→ The problem:
An exact copy of each line below is needed, with no images in it.

───── Dataset content

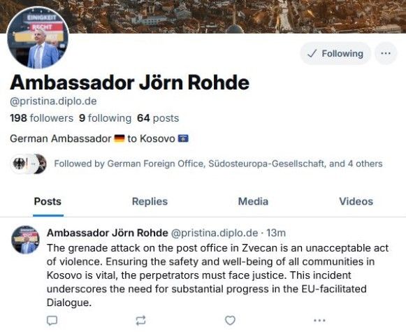 Ambasadori gjerman në Kosovë, Jorn Rohde, e ka quajtur akt dhune të papranueshëm sulmin në Postën e Kosovës në Zveçan.
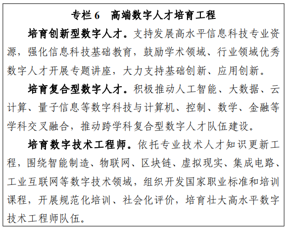 11.提升新兴职业群体数字技能。面向“互联网+教育”、互联网医疗、电子商务、供应链管理服务、线上办公、“虚拟”产业园、“无人经济”等新业态新模式,制定数字领域新职业的职业标准,丰富职业培训课程,开展从业人员培训,壮大新兴职业群体人才队伍。引导支持新兴职业群体,积极利用5G、人工智能、虚拟现实、大数据、区块链等数字技术创新创业。
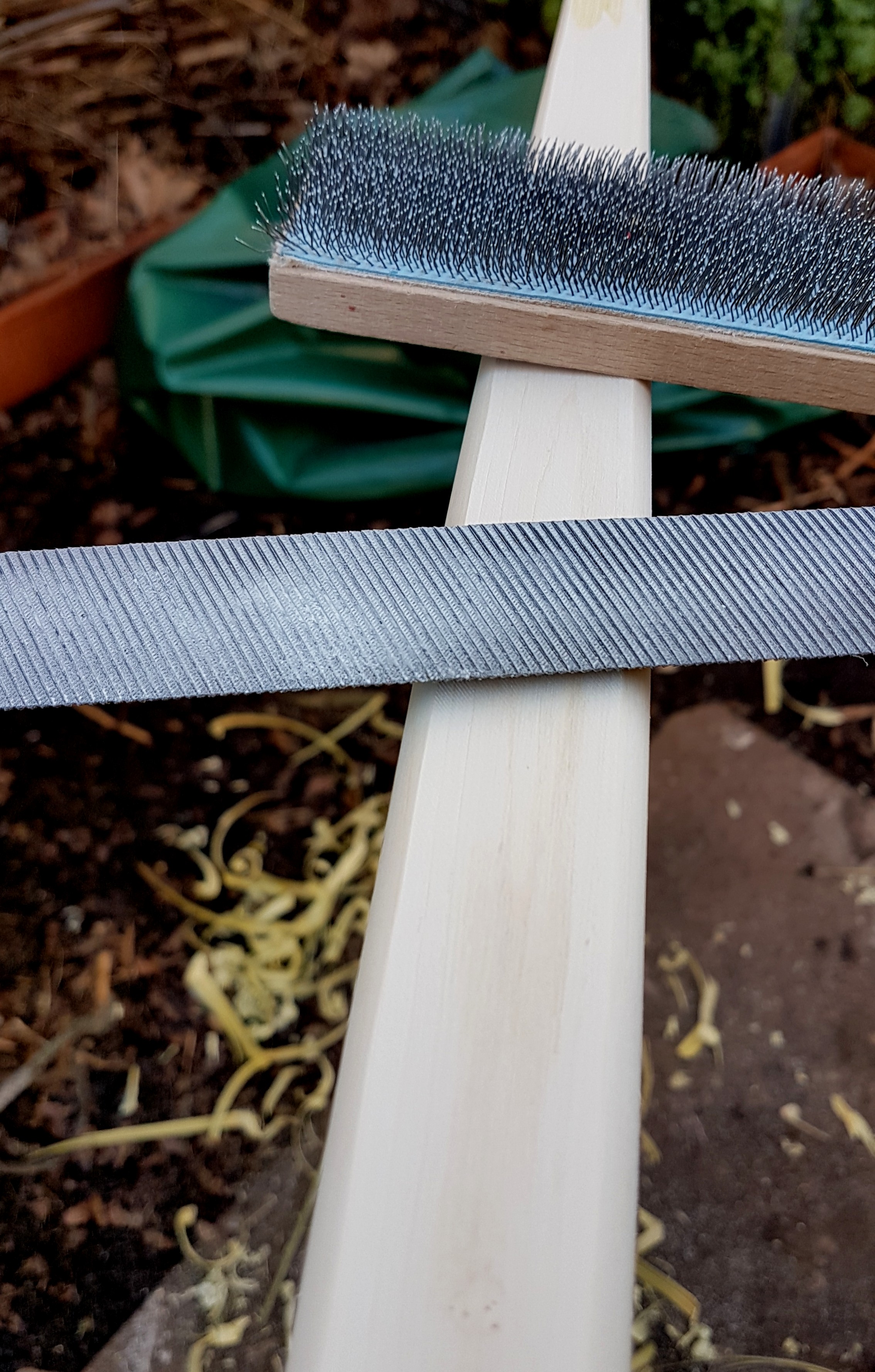 Seitlich neben den Streifen habe ich mühsam die Epoxid-Gummi Bestandteile entfernt, dann die Übergänge der Bambusstreifen zum vorhandenen Bogenrücken angefeilt und schließlich in den Wickelbereichen die Wachs-Silikatschicht des Bambus entfernt.
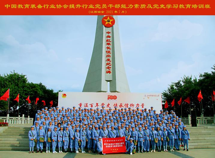 2021年7月11—12日,中國教育裝備行業(yè)協(xié)會(以下簡稱協(xié)會)在江西瑞金舉辦了2021教育裝備行業(yè)提升干部能力素質及黨史學習教育培訓班。全國各省區(qū)市教育裝備行業(yè)黨員代表共220余人參加了培訓班。本次活動旨在組織行業(yè)黨員跟著紅色地標學黨史、傳承紅色基因、汲取奮進力量,不斷鞏固和夯實黨的執(zhí)政根基。

──────────

→ Solution:
 Ambasadori gjerman në Kosovë, Jorn Rohde, e ka quajtur akt dhune të papranueshëm sulmin në Postën e Kosovës në Zveçan.
 11.提升新兴职业群体数字技能。面向“互联网+教育”、互联网医疗、电子商务、供应链管理服务、线上办公、“虚拟”产业园、“无人经济”等新业态新模式,制定数字领域新职业的职业标准,丰富职业培训课程,开展从业人员培训,壮大新兴职业群体人才队伍。引导支持新兴职业群体,积极利用5G、人工智能、虚拟现实、大数据、区块链等数字技术创新创业。
 Seitlich neben den Streifen habe ich mühsam die Epoxid-Gummi Bestandteile entfernt, dann die Übergänge der Bambusstreifen zum vorhandenen Bogenrücken angefeilt und schließlich in den Wickelbereichen die Wachs-Silikatschicht des Bambus entfernt.
 2021年7月11—12日,中國教育裝備行業(yè)協(xié)會(以下簡稱協(xié)會)在江西瑞金舉辦了2021教育裝備行業(yè)提升干部能力素質及黨史學習教育培訓班。全國各省區(qū)市教育裝備行業(yè)黨員代表共220余人參加了培訓班。本次活動旨在組織行業(yè)黨員跟著紅色地標學黨史、傳承紅色基因、汲取奮進力量,不斷鞏固和夯實黨的執(zhí)政根基。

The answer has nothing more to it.